▸ **Data segment**:
Content starts

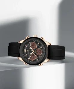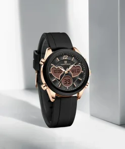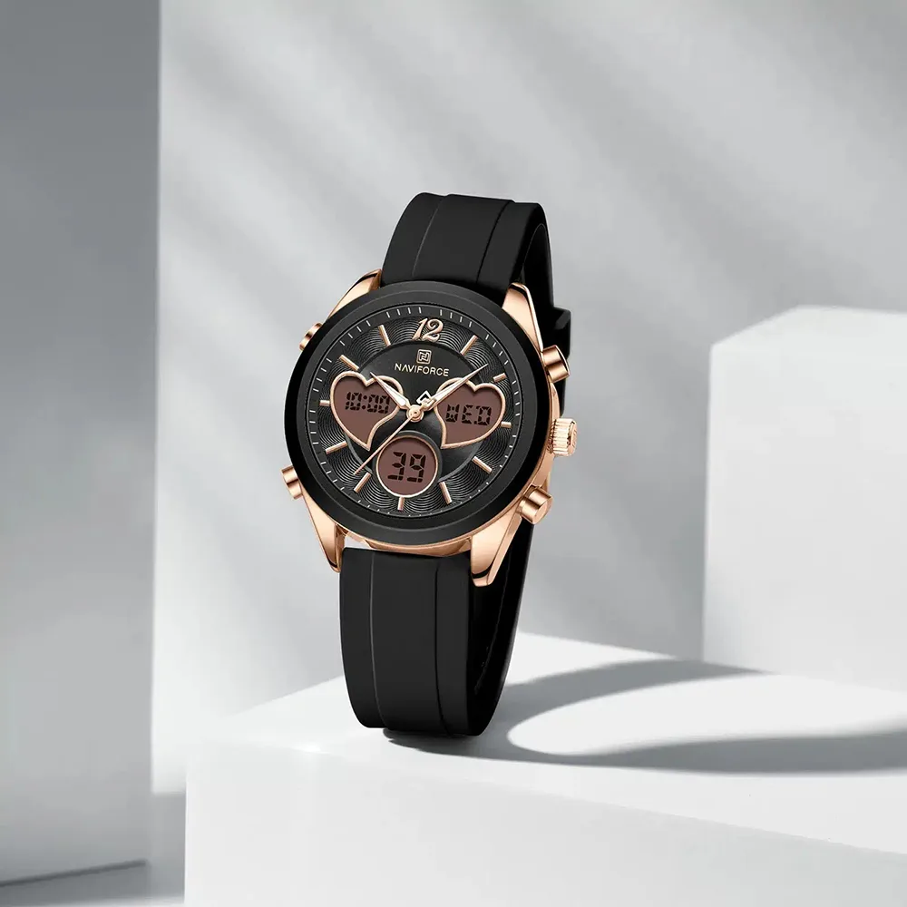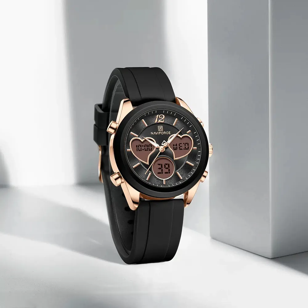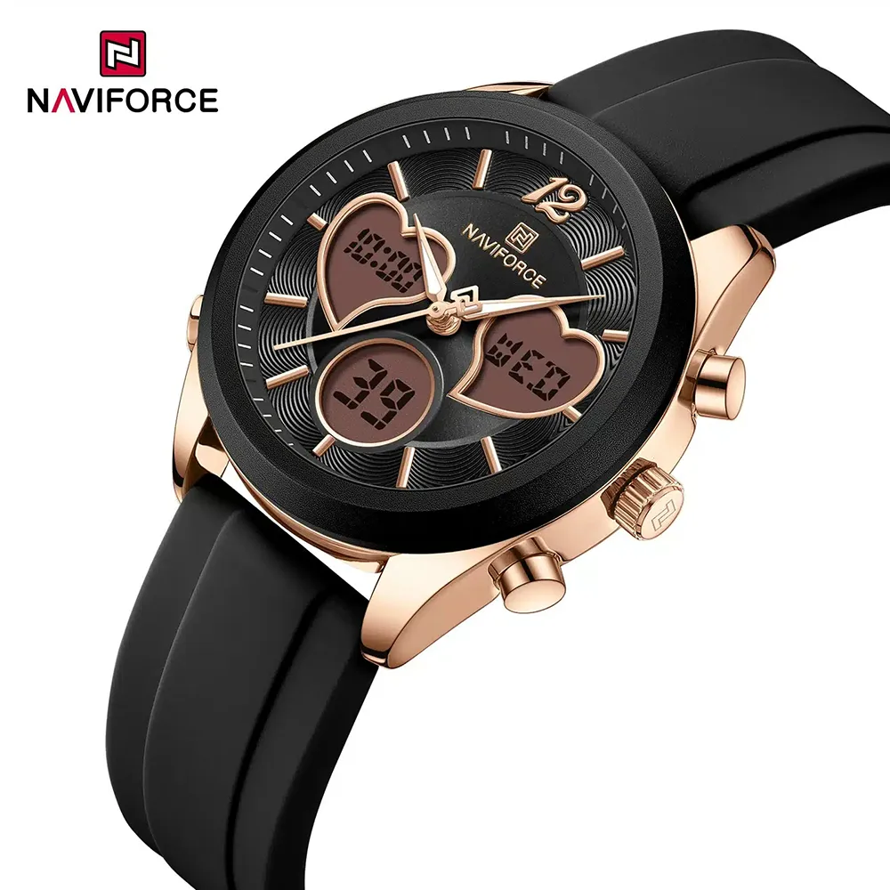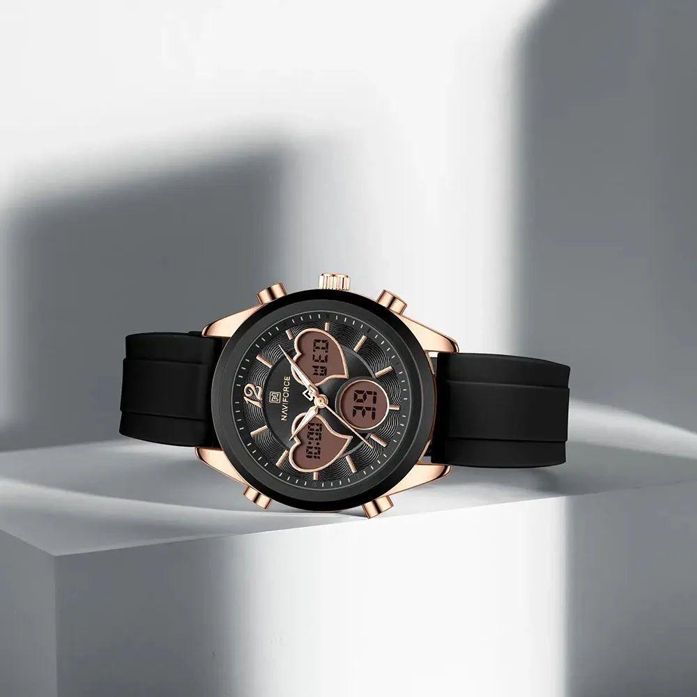 ساعت اورجینال زنانه نیوی فورس Naviforce NF5045 RG/B/B یکی از مدلهای کالکشن 2026 است که با طراحی مدرن و عملکرد دیجیتالی به بانوان شیک پوش عرضه میشود. این ساعت نیوی فورس با بند رابر سیلیکونی و قاب فلزی رزگلد، گزینهای عالی برای استفاده روزمره است. نمایش تاریخ، کرونومتر، آلارم و تایمر معکوس از سایر ویژگیهای کاربردی آن به شمار میآیند.
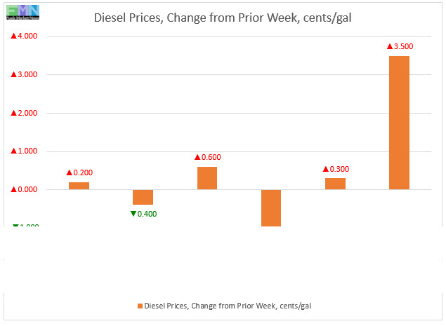 In the West Coast PADD 5 market, retail diesel prices rose by 3.5 cents to average $3.765/gallon. This was the largest price increase among the PADDs. PADD 5 prices were 10.3 cents above their level from last year. Prices excluding California eased slightly by 0.1 cents to arrive at an average of $3.345/gallon. This price was 6.4 cents below the retail price for the same week last year. California diesel prices rose by 6.2 cents to arrive at an average price of $4.097/gallon. California is the only market for which prices have risen above $4/gallon, and prices have been above $4/gallon for the past three weeks. California diesel prices are 23.4 cents higher than they were at the same week last year.
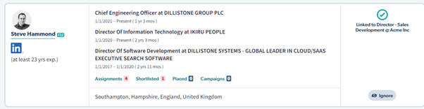● Profile not found messages – we know this is a frustration! This happens when a user searches on Talentis and clicks onto LinkedIn – but receives a “Profile not available” message. It generally happens when a person has changed his / her LinkedIn URL, perhaps as a result of a name change. The best way to find the new profile is to look up in LinkedIn using the person’s first name, company and job title. We mentioned above that we are changing how we refresh our data, and as part of this, we are expecting to dramatically reduce the number of 404 messages our users see. Various options are in testing now, and we’d expect to see results of our change on the live platform in the coming weeks.

Content ends

▸ **Instructions to follow**: Leaving every image behind, repeat the data in full and exactly.

▸ **Result**:
 ساعت اورجینال زنانه نیوی فورس Naviforce NF5045 RG/B/B یکی از مدلهای کالکشن 2026 است که با طراحی مدرن و عملکرد دیجیتالی به بانوان شیک پوش عرضه میشود. این ساعت نیوی فورس با بند رابر سیلیکونی و قاب فلزی رزگلد، گزینهای عالی برای استفاده روزمره است. نمایش تاریخ، کرونومتر، آلارم و تایمر معکوس از سایر ویژگیهای کاربردی آن به شمار میآیند.
 In the West Coast PADD 5 market, retail diesel prices rose by 3.5 cents to average $3.765/gallon. This was the largest price increase among the PADDs. PADD 5 prices were 10.3 cents above their level from last year. Prices excluding California eased slightly by 0.1 cents to arrive at an average of $3.345/gallon. This price was 6.4 cents below the retail price for the same week last year. California diesel prices rose by 6.2 cents to arrive at an average price of $4.097/gallon. California is the only market for which prices have risen above $4/gallon, and prices have been above $4/gallon for the past three weeks. California diesel prices are 23.4 cents higher than they were at the same week last year.
● Profile not found messages – we know this is a frustration! This happens when a user searches on Talentis and clicks onto LinkedIn – but receives a “Profile not available” message. It generally happens when a person has changed his / her LinkedIn URL, perhaps as a result of a name change. The best way to find the new profile is to look up in LinkedIn using the person’s first name, company and job title. We mentioned above that we are changing how we refresh our data, and as part of this, we are expecting to dramatically reduce the number of 404 messages our users see. Various options are in testing now, and we’d expect to see results of our change on the live platform in the coming weeks.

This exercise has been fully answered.